Supplied data:
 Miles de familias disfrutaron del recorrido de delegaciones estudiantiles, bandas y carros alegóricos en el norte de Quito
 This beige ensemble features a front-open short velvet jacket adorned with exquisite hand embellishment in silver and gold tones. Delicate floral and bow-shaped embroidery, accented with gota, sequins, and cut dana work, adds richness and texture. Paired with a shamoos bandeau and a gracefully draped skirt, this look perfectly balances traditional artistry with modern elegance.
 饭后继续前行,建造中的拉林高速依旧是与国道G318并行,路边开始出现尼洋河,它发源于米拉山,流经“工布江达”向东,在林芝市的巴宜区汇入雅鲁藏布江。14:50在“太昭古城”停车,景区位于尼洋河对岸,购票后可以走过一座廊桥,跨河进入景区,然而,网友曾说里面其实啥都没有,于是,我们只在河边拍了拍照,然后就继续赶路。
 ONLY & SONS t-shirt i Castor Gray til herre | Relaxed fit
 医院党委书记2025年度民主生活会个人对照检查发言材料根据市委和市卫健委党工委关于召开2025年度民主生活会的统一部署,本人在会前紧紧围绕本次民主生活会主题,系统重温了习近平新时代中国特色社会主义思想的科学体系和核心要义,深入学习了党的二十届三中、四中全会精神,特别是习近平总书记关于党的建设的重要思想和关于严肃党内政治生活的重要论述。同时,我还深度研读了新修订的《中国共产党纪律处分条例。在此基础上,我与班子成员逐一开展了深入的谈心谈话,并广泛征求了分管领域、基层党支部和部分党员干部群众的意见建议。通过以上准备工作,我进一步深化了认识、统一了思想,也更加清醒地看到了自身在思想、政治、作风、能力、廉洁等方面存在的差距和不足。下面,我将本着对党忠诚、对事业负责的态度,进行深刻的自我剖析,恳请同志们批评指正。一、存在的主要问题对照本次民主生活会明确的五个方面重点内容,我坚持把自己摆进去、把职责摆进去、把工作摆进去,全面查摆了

--

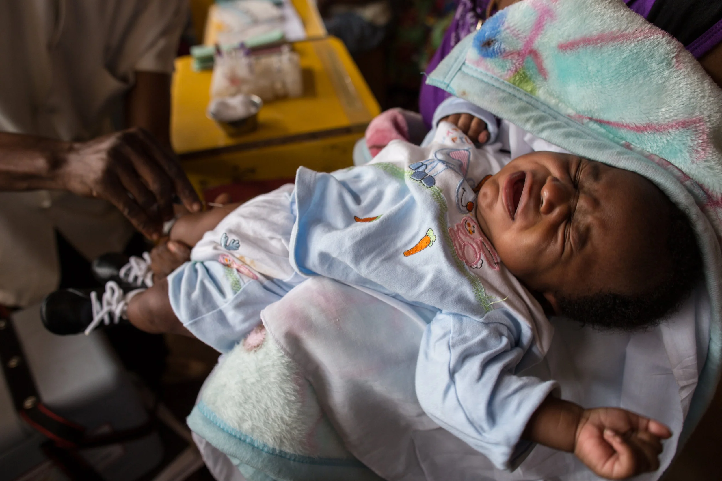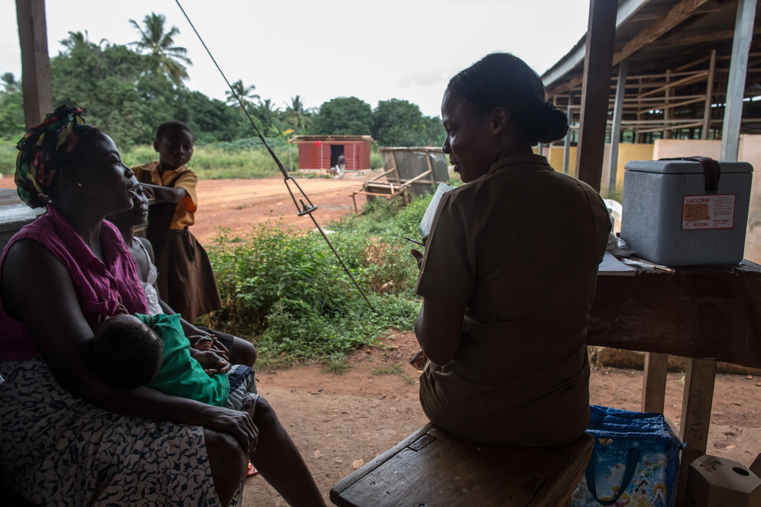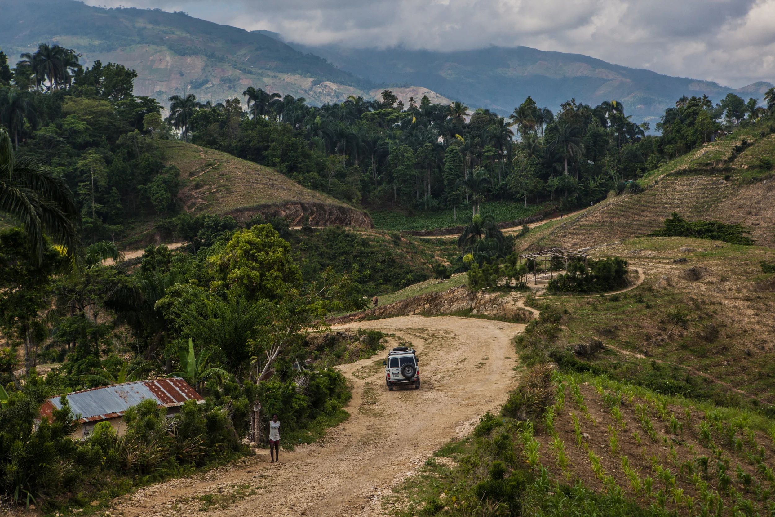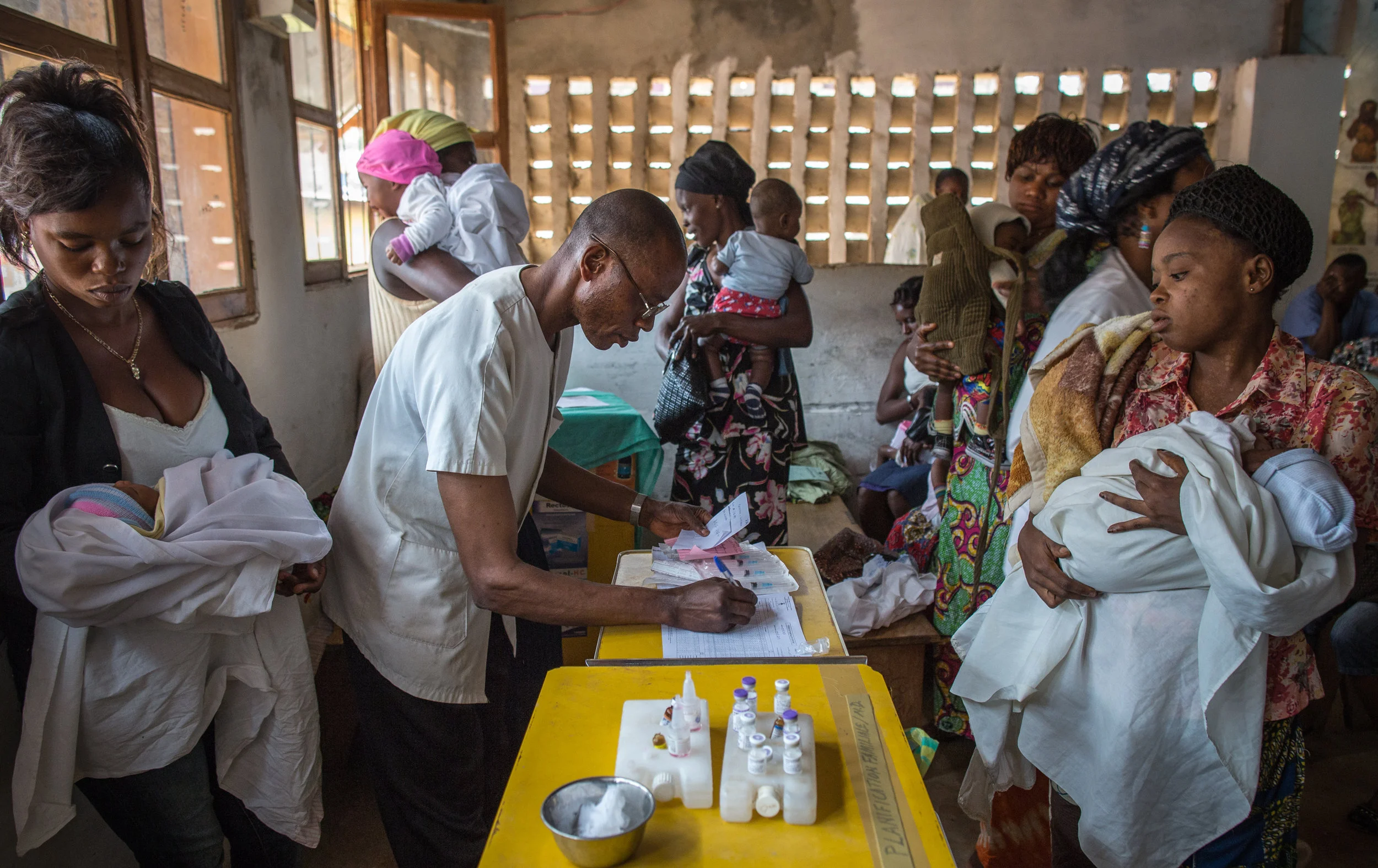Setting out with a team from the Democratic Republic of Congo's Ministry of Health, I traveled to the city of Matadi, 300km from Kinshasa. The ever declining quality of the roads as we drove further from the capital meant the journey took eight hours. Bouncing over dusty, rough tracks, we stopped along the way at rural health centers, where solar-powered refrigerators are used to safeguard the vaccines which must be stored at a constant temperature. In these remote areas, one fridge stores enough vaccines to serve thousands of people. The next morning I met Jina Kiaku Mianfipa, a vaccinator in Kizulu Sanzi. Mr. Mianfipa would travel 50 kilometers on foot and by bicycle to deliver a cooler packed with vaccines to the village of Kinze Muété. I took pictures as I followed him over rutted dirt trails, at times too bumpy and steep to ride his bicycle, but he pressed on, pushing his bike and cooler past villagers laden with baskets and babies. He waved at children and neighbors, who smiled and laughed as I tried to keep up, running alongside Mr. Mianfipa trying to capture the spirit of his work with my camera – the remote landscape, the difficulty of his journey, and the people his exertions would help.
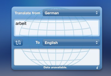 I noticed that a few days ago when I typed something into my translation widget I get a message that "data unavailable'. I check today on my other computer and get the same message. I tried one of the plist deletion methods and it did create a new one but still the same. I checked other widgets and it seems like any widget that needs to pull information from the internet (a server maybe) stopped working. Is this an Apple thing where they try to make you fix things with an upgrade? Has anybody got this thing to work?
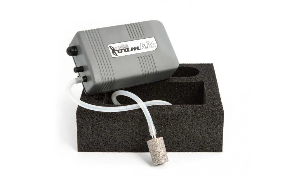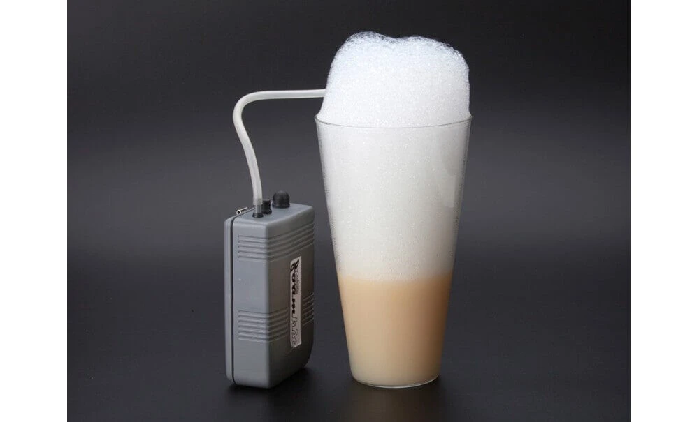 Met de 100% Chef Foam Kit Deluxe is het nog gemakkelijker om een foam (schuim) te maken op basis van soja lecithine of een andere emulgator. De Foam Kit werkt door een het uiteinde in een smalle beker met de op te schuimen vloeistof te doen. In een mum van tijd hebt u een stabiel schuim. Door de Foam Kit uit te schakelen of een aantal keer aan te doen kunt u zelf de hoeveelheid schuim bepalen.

* * *

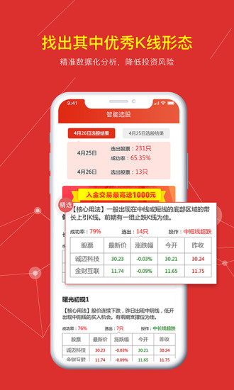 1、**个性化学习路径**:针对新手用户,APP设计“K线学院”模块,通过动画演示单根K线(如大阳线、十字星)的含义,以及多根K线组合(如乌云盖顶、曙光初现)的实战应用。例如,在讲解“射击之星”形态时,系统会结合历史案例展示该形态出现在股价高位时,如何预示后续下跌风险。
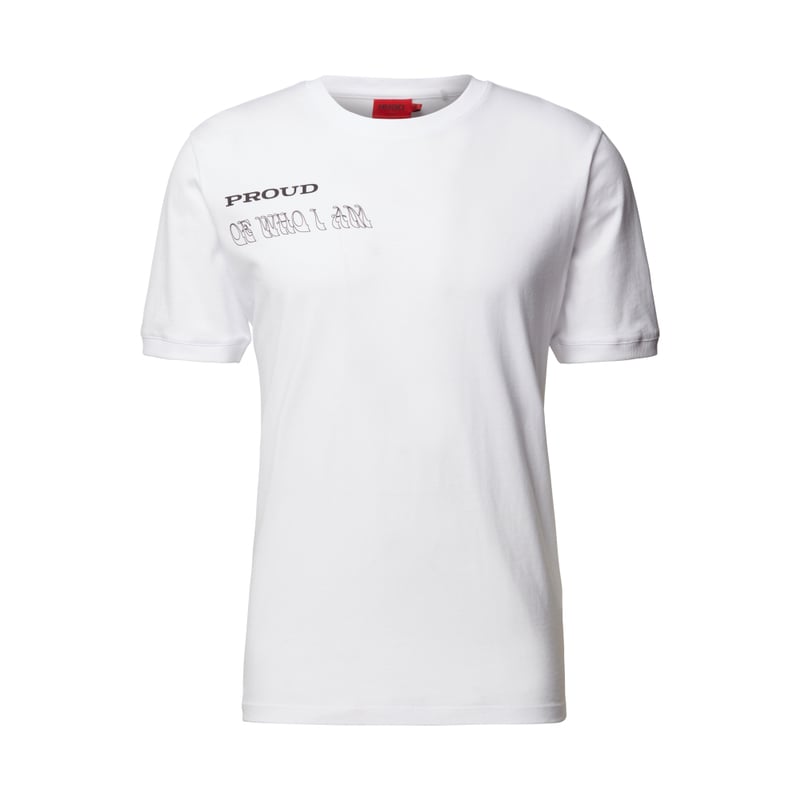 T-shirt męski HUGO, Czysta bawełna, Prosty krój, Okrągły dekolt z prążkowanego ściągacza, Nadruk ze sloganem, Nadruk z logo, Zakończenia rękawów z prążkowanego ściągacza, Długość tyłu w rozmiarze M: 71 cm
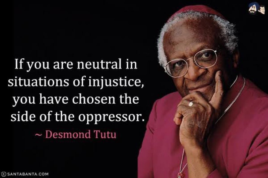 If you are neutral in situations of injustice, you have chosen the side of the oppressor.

Problem statement:
Give only the lines from the one holding "Miles de familias" through the one holding "This beige ensemble", each restated exactly as it appears above.

Response for this exercise:
 Miles de familias disfrutaron del recorrido de delegaciones estudiantiles, bandas y carros alegóricos en el norte de Quito
 This beige ensemble features a front-open short velvet jacket adorned with exquisite hand embellishment in silver and gold tones. Delicate floral and bow-shaped embroidery, accented with gota, sequins, and cut dana work, adds richness and texture. Paired with a shamoos bandeau and a gracefully draped skirt, this look perfectly balances traditional artistry with modern elegance.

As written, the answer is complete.